Históricamente conformado por Mora Riel en voz y guitarra junto a Germán Loretti en batería, Los Riel presentan una formación full band que se complementa con dos Gonzalos: Peluso en guitarra y Tello en bajo. En los últimos años vienen potenciando matices gracias a la suma clara de elementos. Es una decisión criteriosa. Suman sin entorpecer ni resignar dinamismo.
En formato de cuarteto hay otro entendimiento del grupo porteño: a su forma orillan una pared de sonido de sutileza dream pop siempre intervenida por el ataque saltimbanqui de Mora, logrando una electricidad del disfrute. Con toda la musicalidad que denota el grupo, al final, lo fundamental es divertirse, contagiando energía. No hay necesidad de redundar con palabras: lo dicen sónicamente.

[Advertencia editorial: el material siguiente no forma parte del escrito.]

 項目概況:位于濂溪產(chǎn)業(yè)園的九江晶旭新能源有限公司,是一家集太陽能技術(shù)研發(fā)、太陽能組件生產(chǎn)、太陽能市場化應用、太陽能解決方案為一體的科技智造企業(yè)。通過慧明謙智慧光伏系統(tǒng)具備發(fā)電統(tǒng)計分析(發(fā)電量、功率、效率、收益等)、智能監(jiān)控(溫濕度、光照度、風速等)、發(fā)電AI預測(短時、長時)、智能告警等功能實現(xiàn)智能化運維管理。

Luego de una década de crecimiento artístico sostenido, Los Riel supieron lograr una inteligencia investigadora con canciones para sacudir la cabeza y una musicalidad inquieta con melodías más accesibles, conservando las combustiones guitarreras garageras. Centralizados alrededor del poderío guitarrero de Mora, los pedales le permiten ramificarse, en una ñoñería post noventas que entiende a la patria alternativa en sus ambivalencias tanto ásperas como poperas.
La banda arranca con «1990» y luego suenan canciones como «Espacio», «El fin», «TKM» y «Desamor». La banda cumple con los pedidos de la gente y hasta los dedican con calidez. Para Los Riel, cerrar Folkin Fest es mucho más que un regreso a Córdoba: la fecha constituye una postal férrea de su constancia a través de los años en un circuito musical cambiante de acuerdo a los requisitos de la industria. Aquí y ahora, entre público de la primera época y adolescentes de la nueva escena, su vitalidad se ratifica, entre experiencia y disfrute.

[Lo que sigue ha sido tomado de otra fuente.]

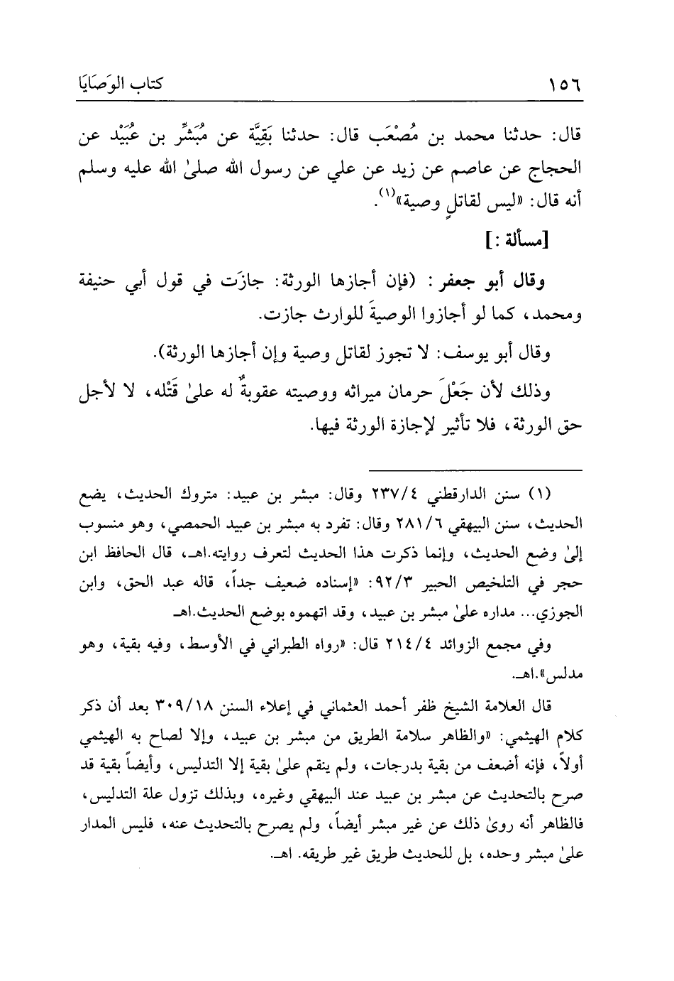 قال: حدثنا محمد بن مصعب قال: حدثنا بقية عن مبشر بن عبيد عن الحجاج عن عاصم عن زيد عن علي عن رسول الله صلي الله عليه وسلم أنه قال: "ليس لقاتل وصية".
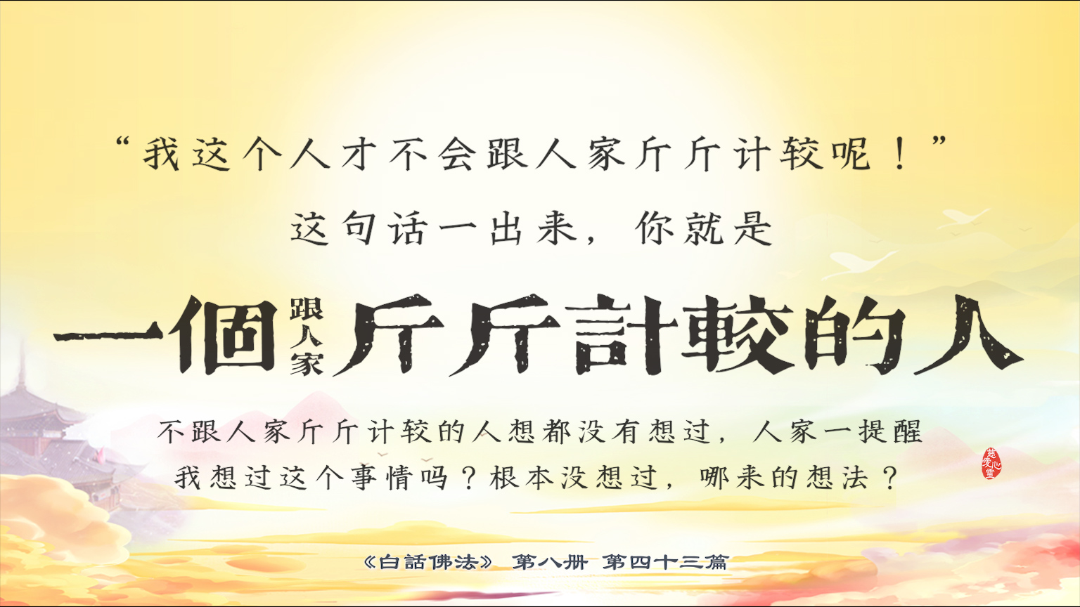 不限会员 8-43-3“我这个人才不会跟人家斤斤计较呢!”这句话一出来,你就是一个跟人家斤斤计较的人。不跟人家斤斤计较的人想都没有想过...我想过这个事情吗?根本没想过,哪来的想法?【图】

“Super contentos de estar de regreso. Salió todo hermoso”, afirma Mora Riel, cuando el festival está concluido y la gente permanece afuera, todavía encendida. “Ya son más de diez años tocando así que se siente lindo ver que la gente se prende con todo el material. Nos encanta que llegue público nuevo junto al de otra época”, señala. “Unas chicas nos pidieron «Merienda», y lo hicimos para ellas. Fue especial. Contentos de poder hacerlo. Qué loco que nos quieran desde aquellas épocas”, cuenta la polifacética líder.

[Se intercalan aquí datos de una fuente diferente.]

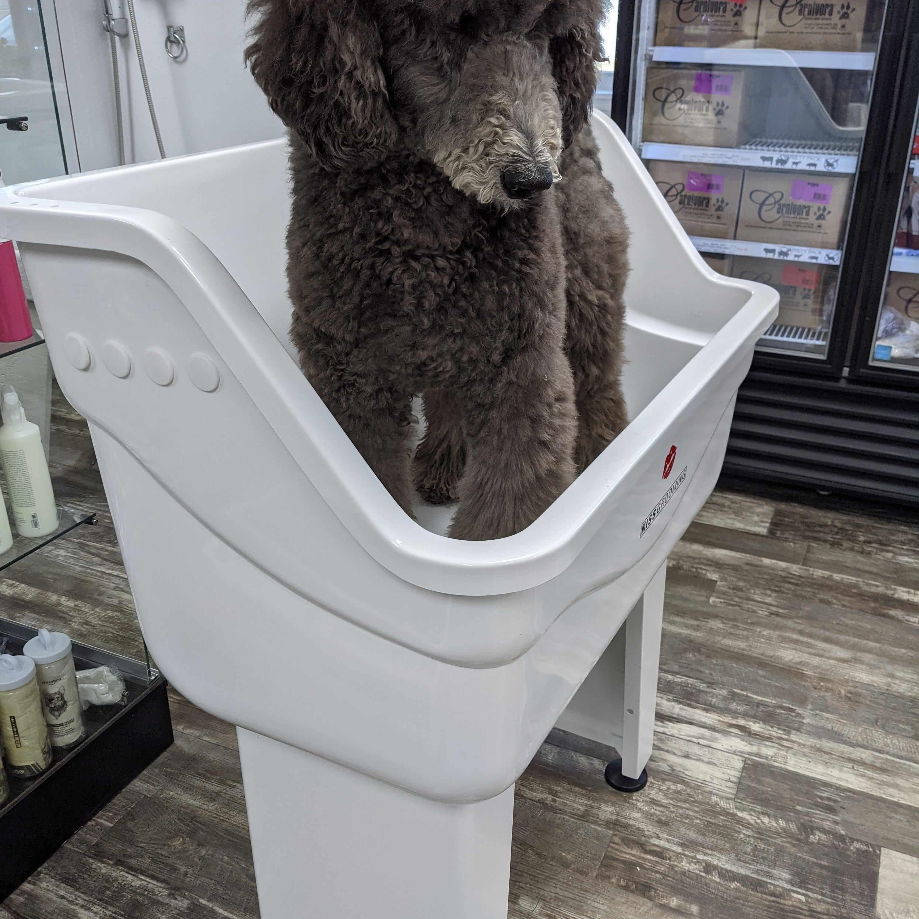 Great additional tub for busy salon with small space. Breeders, small & med dog groomers, or as a Spa soak tub. Offer Hydro packages, mud bath, Microbubble, milk bath, and deep conditioning soak.

“Nosotros trabajamos cada aspecto por separado” explica Loretti. “El vivo siempre es lo más importante. Siempre”, remarca. “Al show lo vemos como una propuesta más extensa. La energía del momento es única. La gente te da algo diferente cada noche”, indica el baterista.
Algo queda flotando cuando la música de Los Riel se termina. El aire, electrizado, todavía invade al Centro Cultural España Córdoba. La gente abandona el lugar sabiendo que forma parte de algo diferente. Una historia con capítulos por venir. De eso se trata.